Breaking for lunch at Sweet Home Cafe doesn’t end the cultural experience. The menu featured dishes categorized by region: The Agricultural South, The Creole Coast, The North States and the Western Range. The closer I got to the front of the extensive line, the more I salivated.

Tempted by the “Gospel Bird” platter—buttermilk fried chicken brined and floured over three days, mac-and-cheese, greens, yams and biscuits—I chose instead to be adventurous. So I opted for Son of a Gun Stew, a classic cowboy dish of the American West.

The stew featured medium-rare short ribs, hearty potato slices and corn in a red-wine reduction. It also carried flavorful sundried tomatoes, which extended the dish’s sweet notes. I was able to pull aside Executive Chef Jerome Grant, who told me the stew pays homage to freed slaves who migrated west and took jobs on chuck wagons preparing food for railroad builders.

“Every three months, we’ll have a new seasonal menu,” Grant said. “And we focus on the ingredients and the stories of those areas.”

Promise and paradox

I spent about 10 hours in the museum, and one thing that stood out to me is the number of paradoxes in the African-American story.

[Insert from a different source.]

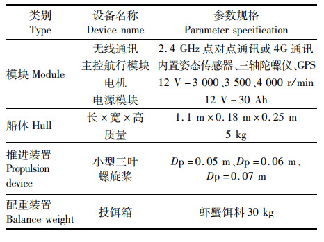 近年来,我国在自动化虾蟹塘投饵船设备的探索和推广上开展了一系列的工作。综合国内文献,虾蟹塘投饵船推进装置主要分两种方式。第一种是使用明轮作为推进装置,胡庆松等[2]和程志金[3]研究设计了一种基于明轮驱动虾塘自主导航投饵船,平均船速达0.72 m/s,具有良好的抗风性,但工作效率仅为31.79%。第二种是使用螺旋桨作为推进装置,孙月平等[4]研究设计了一种空气螺旋桨风力驱动投饵船,试验表明投饵船具有良好的稳定性,但平均船速只有0.42 m/s,效率损耗较大。胡庆松等[5]研究设计了一种直径为0.1 m的三叶小型螺旋桨作为推进装置,其螺旋桨工作状态为浸没式,试验表明空载投饵船船速能够达到1.2 m/s,满载时可达1.02 m/s,并通过研究使用螺旋桨推进虾蟹塘投饵船的饵料负载试验表明,当平均船速达到1 m/s时,投饵船的工作效率较人工精细化管理养殖效率提高50%。因此相比于低船速、高能耗以及低效率的明轮以及半潜式水上风力螺旋桨作为推进装置,水下螺旋桨显然拥有更好的研究价值。

ae-aamuseum-military-jc-1col.jpg The new Smithsonian is filled with historical documents and artifacts. And even the cafe has a cultural focus. (Courtesy of National Museum of African American History and Culture)

We fought in wars to achieve and maintain freedom, but were hardly able to participate in that freedom. We put our money in banks that wouldn’t give us loans. We got jobs at predominantly white newspapers, but our stories—deemed potentially offensive—were censored.

“I wrote a story every morning,” one museum exhibit quoted journalist Robert Churchwell as saying, “but it never got in the paper.” Churchwell, who became the Nashville Banner’s first black reporter in 1950, was referring to stories he wrote about the explosion of student-led protests and sit-ins in the 1960s.

One of the biggest paradoxes relates to Martin Luther King Jr.’s ideal of being judged by character, not color. We are becoming blind to race, arguably a good thing. But with that we’re becoming blind to systems of racial injustice that are probably going to take decades to dismantle, just as they took decades to build.

The museum displayed a quote from Princeton professor Naomi Murakawa that sums it up well.

“If the problem of the twentieth century was, W.E.B. Du Bois’ famous words, ‘the problem of the color line,’ then the problem of the twenty-first century is the problem of colorblindness, the refusal to acknowledge the causes and consequences of enduring racial stratification.”

One visitor told me the museum was a “living, breathing, dynamic monument of healing.” I believe its power comes from the stories it tells through its walls, its exhibits.

My wife and I can’t stop talking about those largely untold stories, and she started tearing up the other day doing so.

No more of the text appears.